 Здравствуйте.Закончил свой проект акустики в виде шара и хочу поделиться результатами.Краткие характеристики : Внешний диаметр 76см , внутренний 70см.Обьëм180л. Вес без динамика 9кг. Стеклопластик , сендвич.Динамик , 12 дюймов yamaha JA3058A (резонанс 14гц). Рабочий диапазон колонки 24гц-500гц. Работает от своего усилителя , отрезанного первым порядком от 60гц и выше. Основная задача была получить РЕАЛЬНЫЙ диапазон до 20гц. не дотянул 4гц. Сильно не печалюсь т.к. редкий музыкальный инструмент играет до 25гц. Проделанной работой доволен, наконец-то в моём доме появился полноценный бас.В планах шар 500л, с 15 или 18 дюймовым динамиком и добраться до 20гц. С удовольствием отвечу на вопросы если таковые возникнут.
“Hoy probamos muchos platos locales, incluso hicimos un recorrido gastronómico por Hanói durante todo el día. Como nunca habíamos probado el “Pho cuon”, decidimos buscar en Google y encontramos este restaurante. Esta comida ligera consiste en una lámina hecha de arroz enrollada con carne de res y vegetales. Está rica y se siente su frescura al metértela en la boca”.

---

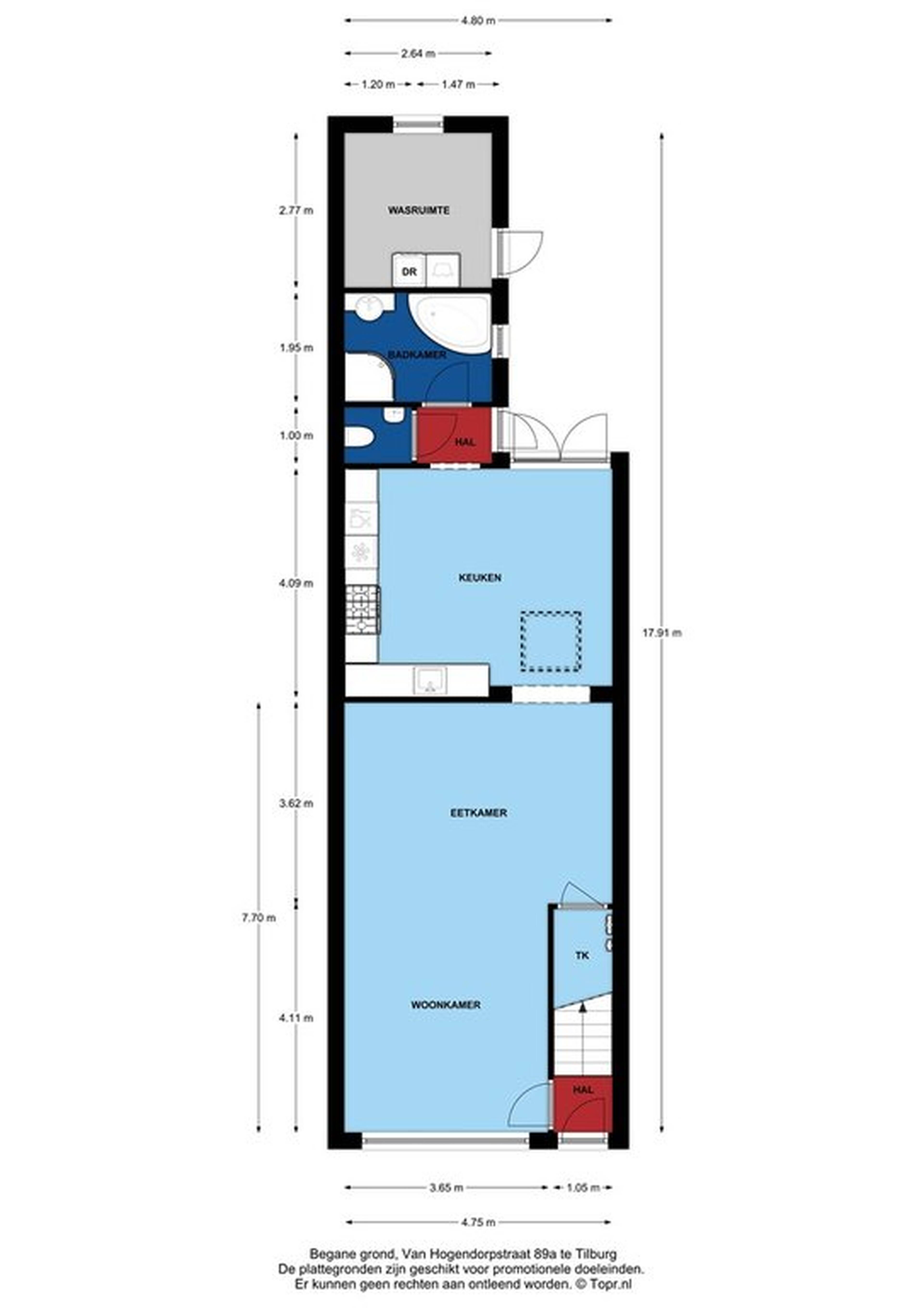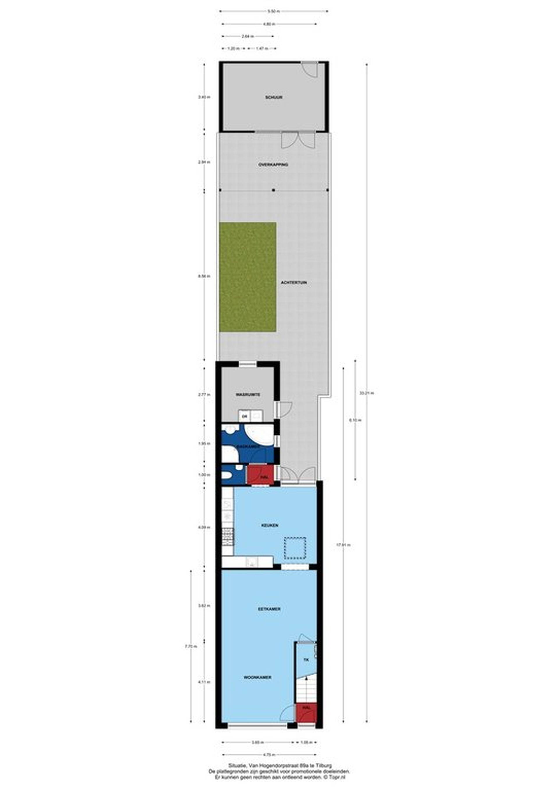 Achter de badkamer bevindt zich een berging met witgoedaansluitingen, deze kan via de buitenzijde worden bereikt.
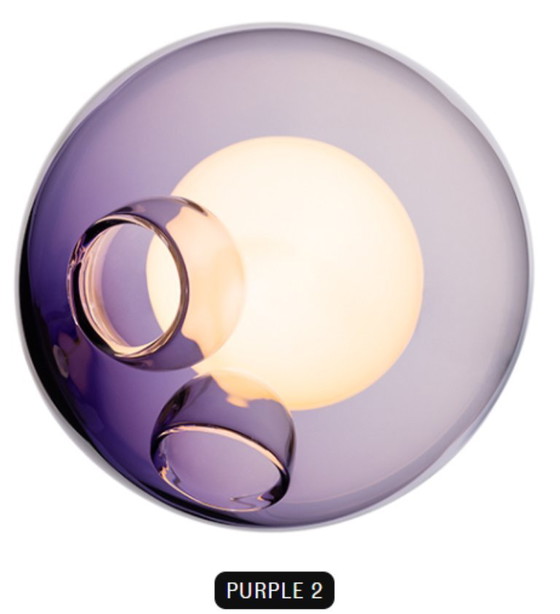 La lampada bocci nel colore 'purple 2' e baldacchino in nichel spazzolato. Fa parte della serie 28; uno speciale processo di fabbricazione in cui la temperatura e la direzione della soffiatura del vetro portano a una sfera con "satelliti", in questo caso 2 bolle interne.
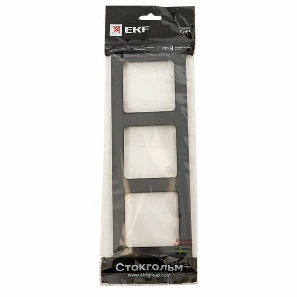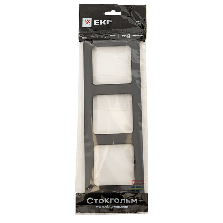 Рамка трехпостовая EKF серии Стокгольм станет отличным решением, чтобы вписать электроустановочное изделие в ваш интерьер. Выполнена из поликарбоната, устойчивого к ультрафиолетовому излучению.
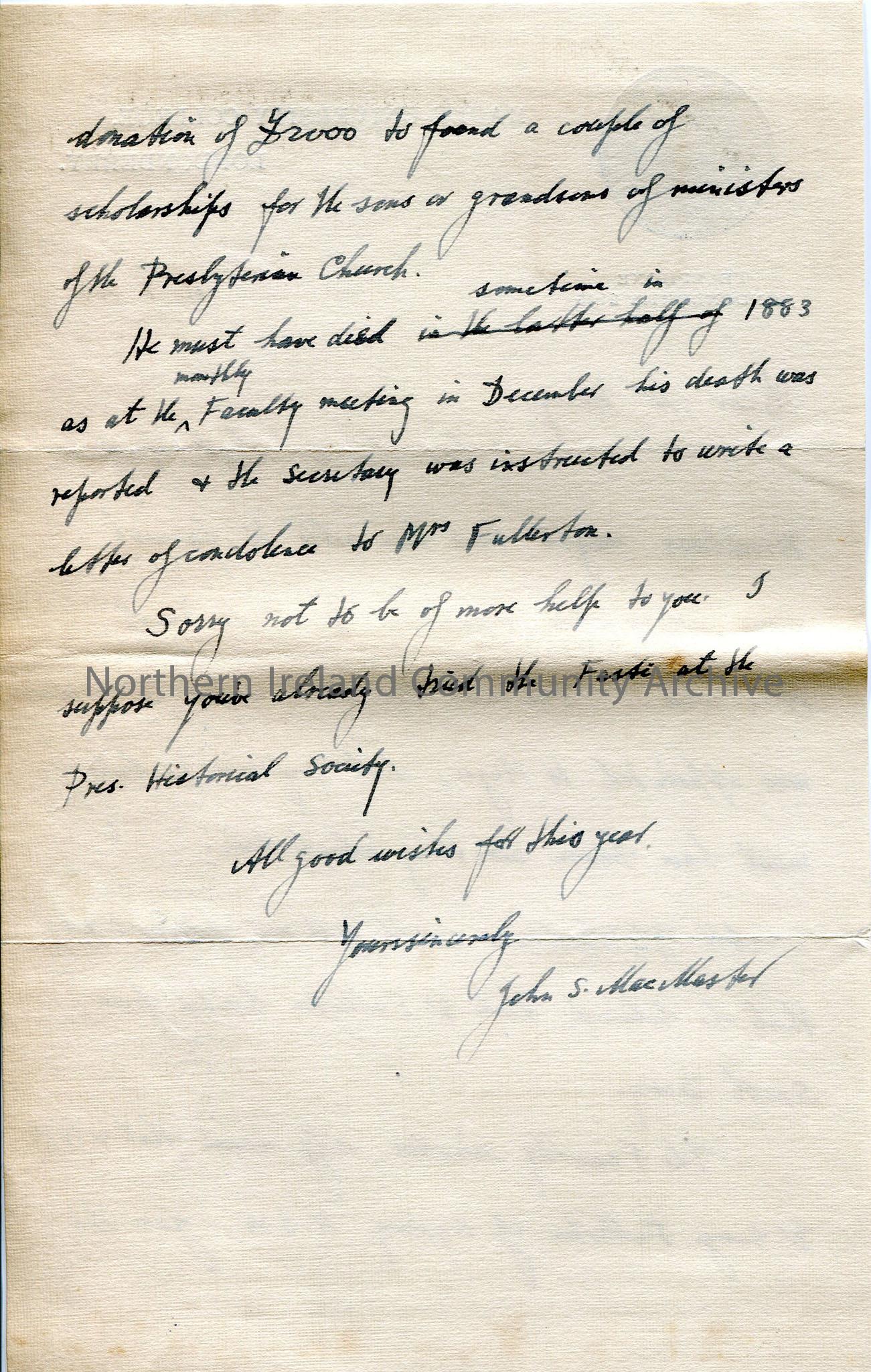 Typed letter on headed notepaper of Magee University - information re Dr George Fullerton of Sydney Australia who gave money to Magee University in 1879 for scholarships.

_YOUR GOAL_
Would you please copy, word for word, everything above from the line containing "Здравствуйте.Закончил свой проект" down to the line containing "probamos muchos platos", those two lines included?

_RESPONSE TO THIS TASK_
 Здравствуйте.Закончил свой проект акустики в виде шара и хочу поделиться результатами.Краткие характеристики : Внешний диаметр 76см , внутренний 70см.Обьëм180л. Вес без динамика 9кг. Стеклопластик , сендвич.Динамик , 12 дюймов yamaha JA3058A (резонанс 14гц). Рабочий диапазон колонки 24гц-500гц. Работает от своего усилителя , отрезанного первым порядком от 60гц и выше. Основная задача была получить РЕАЛЬНЫЙ диапазон до 20гц. не дотянул 4гц. Сильно не печалюсь т.к. редкий музыкальный инструмент играет до 25гц. Проделанной работой доволен, наконец-то в моём доме появился полноценный бас.В планах шар 500л, с 15 или 18 дюймовым динамиком и добраться до 20гц. С удовольствием отвечу на вопросы если таковые возникнут.
“Hoy probamos muchos platos locales, incluso hicimos un recorrido gastronómico por Hanói durante todo el día. Como nunca habíamos probado el “Pho cuon”, decidimos buscar en Google y encontramos este restaurante. Esta comida ligera consiste en una lámina hecha de arroz enrollada con carne de res y vegetales. Está rica y se siente su frescura al metértela en la boca”.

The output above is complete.